Information supplied =
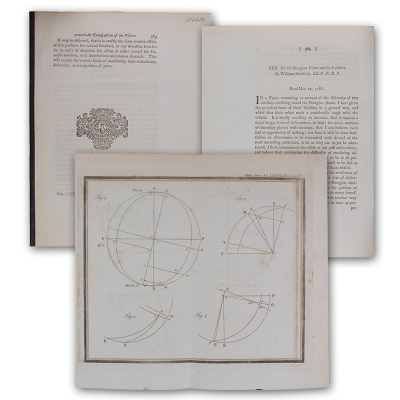 (London, 1788). (27 x 21 cm). SS. 364-378. Mit 1 gefalteten Kupfertafel. Rückenbroschur. (Aus:Philosophical Transactions).
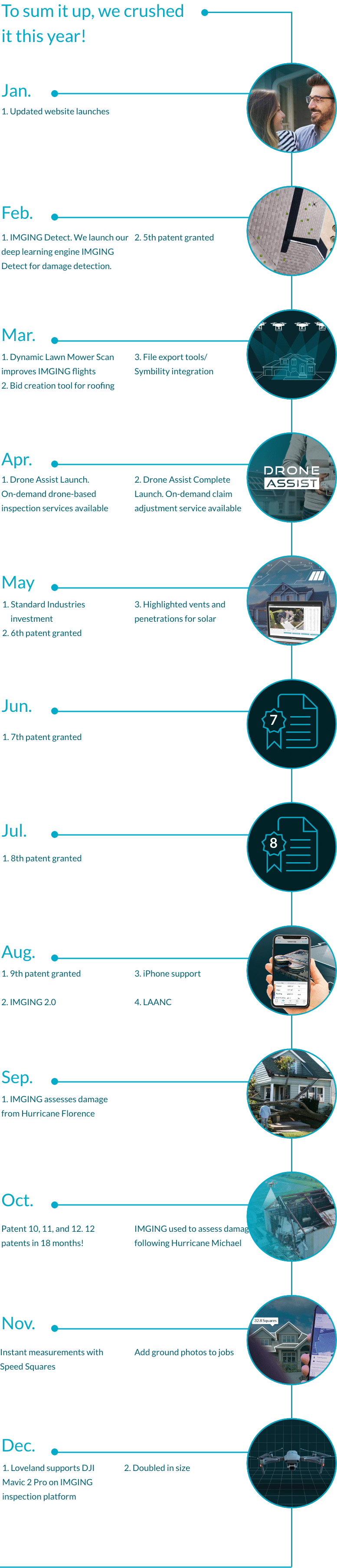 We made a huge impact for insurance, roofing, and solar in 2018. On the insurance side, we launched Drone Assist, which provides carriers with completely new ways to close claims and improve cycle times—we even locked down relationships with some of the biggest carriers in the country (look for more details in 2019). For roofing, we solidified a partnership with Standard Industries (GAF), one of the largest roofing and waterproofing manufacturers in the world. For solar, we’ve forged relationships with some of the biggest providers out there to improve their survey speeds and surveyor safety. On the app side, we launched a deep learning engine for damage detection, and racked up 12 total patents in the last 18 months. We’re using these patents to fuel awesome features that make our IMGING inspection platform even better.
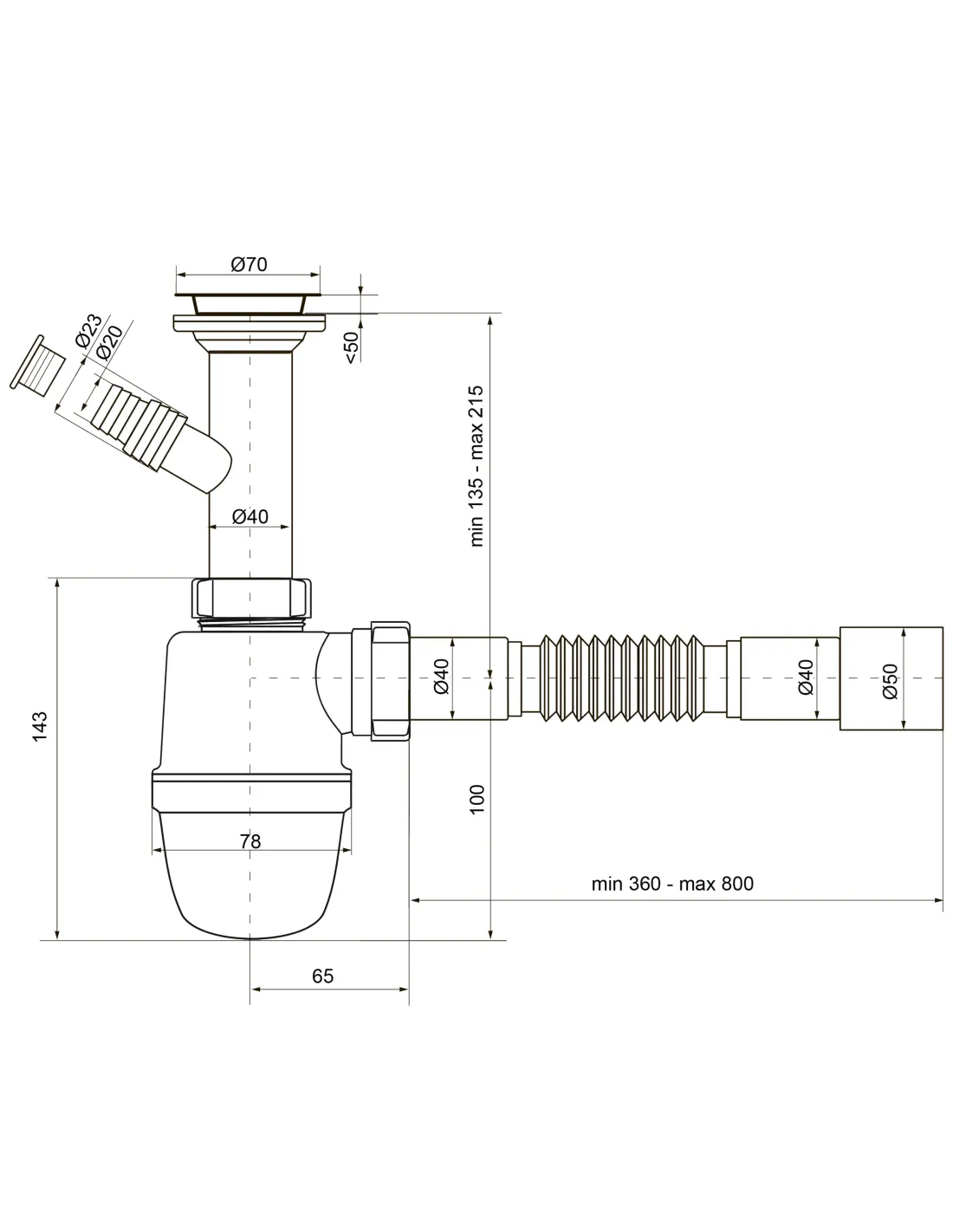 Сифон Optimum OPTI-13043 призначений для використання у квартирах та приватних будинках. Оснащений спеціальним штуцером для надійного кріплення зливного шлангу пральної машини. Чудова якість ущільнювачів гарантує відсутність запахів і протікань протягом усього терміну експлуатації. полімерів;
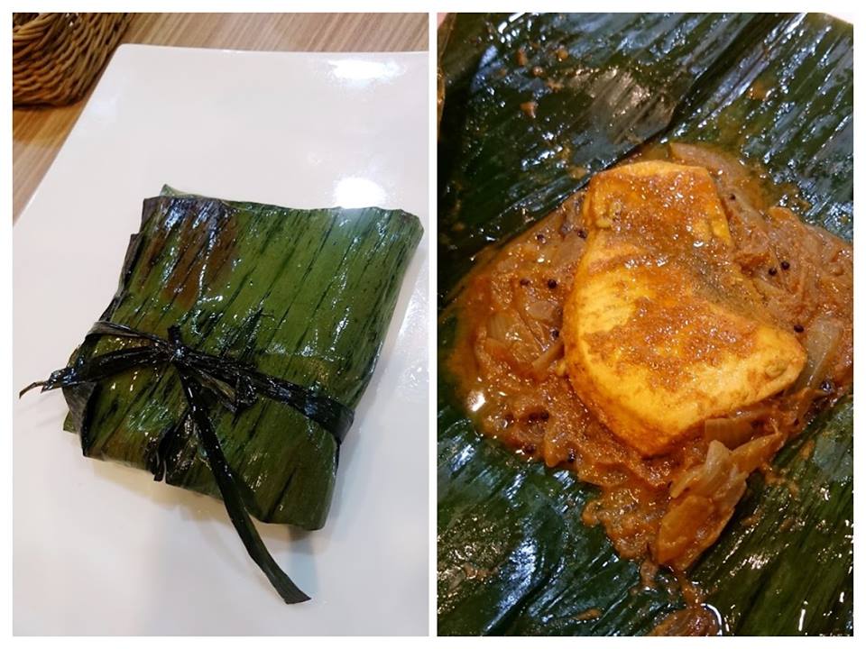 スパイスでマリネしたメカジキをフライパンで焼き、バナナの葉にポリチャトゥマサラを塗った上にメカジキを載せ、さらにポリチャトゥマサラを塗りバナナの葉で包み、蒸し焼きしました。ちょっと面倒な工程の料理です。

Your assignment = The lines needed are those from the one containing "Сифон Optimum OPTI-13043" through the end of the listing, given again word for word and without any picture.

Output below =
 Сифон Optimum OPTI-13043 призначений для використання у квартирах та приватних будинках. Оснащений спеціальним штуцером для надійного кріплення зливного шлангу пральної машини. Чудова якість ущільнювачів гарантує відсутність запахів і протікань протягом усього терміну експлуатації. полімерів;
 スパイスでマリネしたメカジキをフライパンで焼き、バナナの葉にポリチャトゥマサラを塗った上にメカジキを載せ、さらにポリチャトゥマサラを塗りバナナの葉で包み、蒸し焼きしました。ちょっと面倒な工程の料理です。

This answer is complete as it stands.